U.S. patent application number 10/749639 was filed with the patent office on 2004-11-04 for body frame of vehicle, employing load imposing device.
This patent application is currently assigned to HONDA MOTOR CO., LTD.. Invention is credited to Mae, Hiroyuki.
Application Number | 20040217627 10/749639 |
Document ID | / |
Family ID | 32501184 |
Filed Date | 2004-11-04 |
United States Patent
Application |
20040217627 |
Kind Code |
A1 |
Mae, Hiroyuki |
November 4, 2004 |
Body frame of vehicle, employing load imposing device
Abstract
A body frame of a vehicle for securing, in control of buckling,
necessary strength without increasing the size of the frame member,
and for reducing impact deceleration produced at the start of
buckling. The body frame of has a frame member provided in one of a
front portion and a rear portion of the vehicle; and a load
imposing device, provided at an end of the frame member, for
imposing a load on the frame member toward at least two opposite
directions which are substantially perpendicular to a longitudinal
direction of the frame member, when impact on the frame member is
anticipated or imposed. The load imposing device may have a member
made of a shape memory alloy.
Inventors: |
Mae, Hiroyuki; (Shioya-gun,
JP) |
Correspondence
Address: |
MERCHANT & GOULD PC
P.O. BOX 2903
MINNEAPOLIS
MN
55402-0903
US
|
Assignee: |
HONDA MOTOR CO., LTD.
Tokyo
JP
|
Family ID: |
32501184 |
Appl. No.: |
10/749639 |
Filed: |
December 31, 2003 |
Current U.S.
Class: |
296/187.03 |
Current CPC
Class: |
B62D 21/15 20130101 |
Class at
Publication: |
296/187.03 |
International
Class: |
B62D 025/08 |
Foreign Application Data
Date |
Code |
Application Number |
Jan 7, 2003 |
JP |
2003-001136 |
Claims
What is claimed is:
1. A body frame of a vehicle, comprising: a frame member provided
in one of a front portion and a rear portion of the vehicle; and a
load imposing device, provided at an end of the frame member, for
imposing a load on the frame member toward at least two opposite
directions which are substantially perpendicular to a longitudinal
direction of the frame member, when impact on the frame member is
anticipated or imposed.
2. A body frame as claimed in claim 1, wherein the load imposing
device has a member made of a shape memory alloy.

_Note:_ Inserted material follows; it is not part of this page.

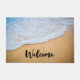 Tapis de bienvenue avec une photo d'une plage de sable brun doré au surf mousse blanc.
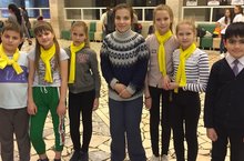 Тимуровцы вместе со своей гостьей Поповой Владой - ученицей 8б класса.

3. A body frame as claimed in claim 1, wherein the load imposing
device has a spring.
4. A body frame as claimed in claim 3, wherein the spring is one of
a coil spring and a plate spring.
5. A body frame as claimed in claim 1, wherein the load imposing
device has a band-shaped member made of a shape memory alloy, which
is wound along one of an outer-peripheral wall and an
inner-peripheral wall of the frame member.
Description
BACKGROUND OF THE INVENTION
[0001] 1. Field of the Invention
[0002] The present invention relates to a body frame for vehicles.
Priority is claimed on Japanese Patent Application No. 2003-001136,
filed Jan. 7, 2003, the content of which is incorporated herein by
reference.
[0003] 2. Description of the Related Art
[0004] In a known vehicle body structure, concave portions called
"beads" are provided at an end portion of the front frame, so that
when a compressive load is imposed on the front frame, buckling of
the front frame is controlled in a manner such that the front frame
buckles from the concave portions (refer to Japanese Unexamined
Patent Application, First Publication No. Hei 07-165110).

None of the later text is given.